◆ Work required
Set down the data below from its first line to the line holding "Polohovací/rozkládací, levý roh/do", inclusive; omit all pictures.

◆ Data block

────────

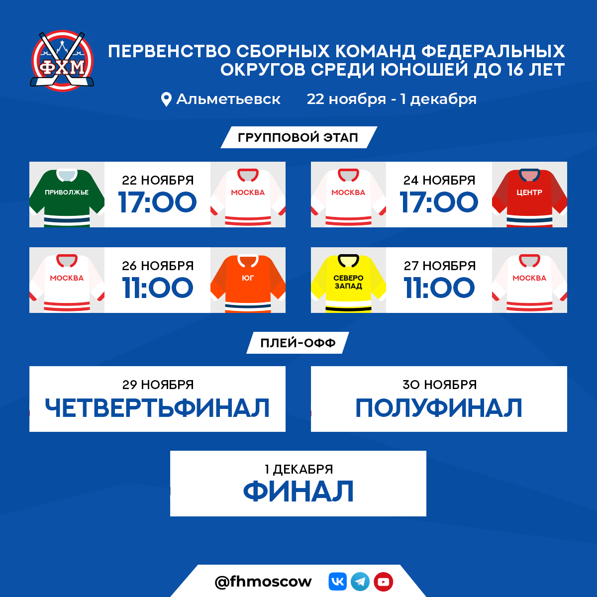 Расписание сборной Москвы на групповом этапе:
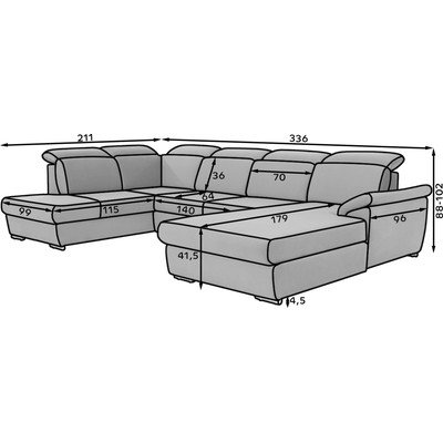 Polohovací/rozkládací, levý roh/do "U", černá, vícemístná, šířka 336 cm
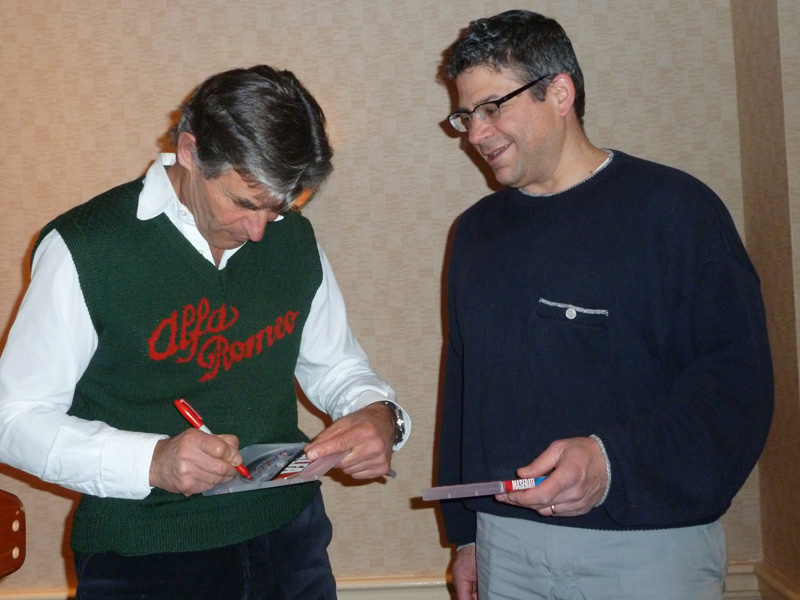 Quite a few Alfa folks were on hand at the Newton Marriott on March 26th for an evening of stories and camaraderie with Le Mans and vintage racer, TV personality, and host of the terrific Victory by Design series, Alain de Cadenet. The Alfisti included Andy Kress, Jim Scutti, Jonathan Kirshtein, Kevin Redden, John DeWaele, Tom Letourneau, Michael & Debra Leccese, and Richard Askin. (Sorry if you were there and we missed you!) The event was presented by our friends at Motorsports Marketing Resources. We have two reports for you, the first written by Andy and the second by Jim: Alain started out talking about the Victory by Design series. It was interesting to hear how they put that whole thing together — it sort of came about by accident. Alain didn’t have any speaking or film experience, but producer Tony Maylam was impressed by Alain's spontaneous and knowledgeable discourse over various cars (plus his really good connections). They thought they could make it happen and pushed Alain to do it in a nothing-ventured, nothing-gained sort of way. The thing was funded on a shoestring — in fact, they ran out of money on the Ferrari video, and there was a five-year hiatus between start and finish. In spite of all that, they developed a formula and some technique that stood them in good stead, and did successfully finish the series. He talked a little about "cars I have owned (and wish I had them to sell now)" — deals good and deals gone bad. For me, the most moving sections were when he talked about the racing in the good old days. Plenty of throwaway vignettes, insights, and stories about really iconic figures in motorsport from those days — Ickx, Redmond, Ecclestone, Brabham, Murray, Elford … and some Steve McQueen stories , such as this one: Alain had a Porsche 908 he was trying to sell. He got a call out of the blue from Steve McQueen asking about the 908. At first, he thought it was some friends winding him up. Once he was convinced it was indeed McQueen, he got all excited and invited him to his shop to look at the car. It turned out that McQueen was starting up his LeMans movie and wanted to see if he could adapt the 908 to be a camera car. No sale! Then McQueen saw some vintage motorcycles that were for sale as well and asked if he could take the Triumph Bonneville out for a ride. "Oh, sure," said Alain, hoping for a sale. McQueen disappeared for the day. Not a word. Finally, figuring the bike was gone for good, Alain went home. The next morning, he found the bike leaning up against the shop — with no gas in it. Then Alain talked about racing in the olden days. At his first race, he just showed up — a total newbie with his car, his paper mâché helmet, and string backed gloves. He was surprised when they asked him for his license! A little hemming and hawing, and he was waved in. He learned how to drive on the fly — watching the real racers and doing his best to imitate them. Over the summer, he got to be pretty good. In those days, with a little luck, once you got in, you could make the thing self-funding (which is not to say, comfortable). Teams were given appearance money by the promoters, and with any sort of placement there’d be cash payouts and rewards from the various motorsport players (tire, brake, fuel, oil makers). It is so different from here — racing was/is such a big thing. These guys were household names. Successful as he was, he talked with some awe about the other racers he competed against. For instance, someone asked him what it was like the first time he raced in the rain at LeMans. As he thought about it, he almost blanched on the stage, it was such a terrifying experience. We have to remember that, in those days, guys were already going over 200 on the Mulsanne Straight. His answer is that you see others dealing with it and you just make the leap of faith that you can too; get used to it, and you move on to the business at hand. In the same context, he described (with considerable awe in his voice) the time he was racing and it was pouring buckets. He was on rain tires and doing about 180, holding on for dear life, when he was passed by Jacky Ickx in a factory Porsche 930 (a 600hp turbo car) — on slicks. Alain said, “To this day, I do not know how that is possible. But Jacky is one of those special people with the magic touch. They can successfully do things that normal people cannot imagine doing at all.” He talked about the camaraderie and the terrible loss when friends died. He talked some about the moment when you realize it’s time to get out (both his moment and other racers’) before something really bad happens. He was very frank and open. Basically, he built a career in motorsports out of pure drive and chutzpah — just because he wanted it so badly. All in all, he came across as a really good guy, someone you'd love to have a beer with … and he would be happy to have one with you. Very charming.

────────

◆ Answer to the exercise
 Расписание сборной Москвы на групповом этапе:
 Polohovací/rozkládací, levý roh/do "U", černá, vícemístná, šířka 336 cm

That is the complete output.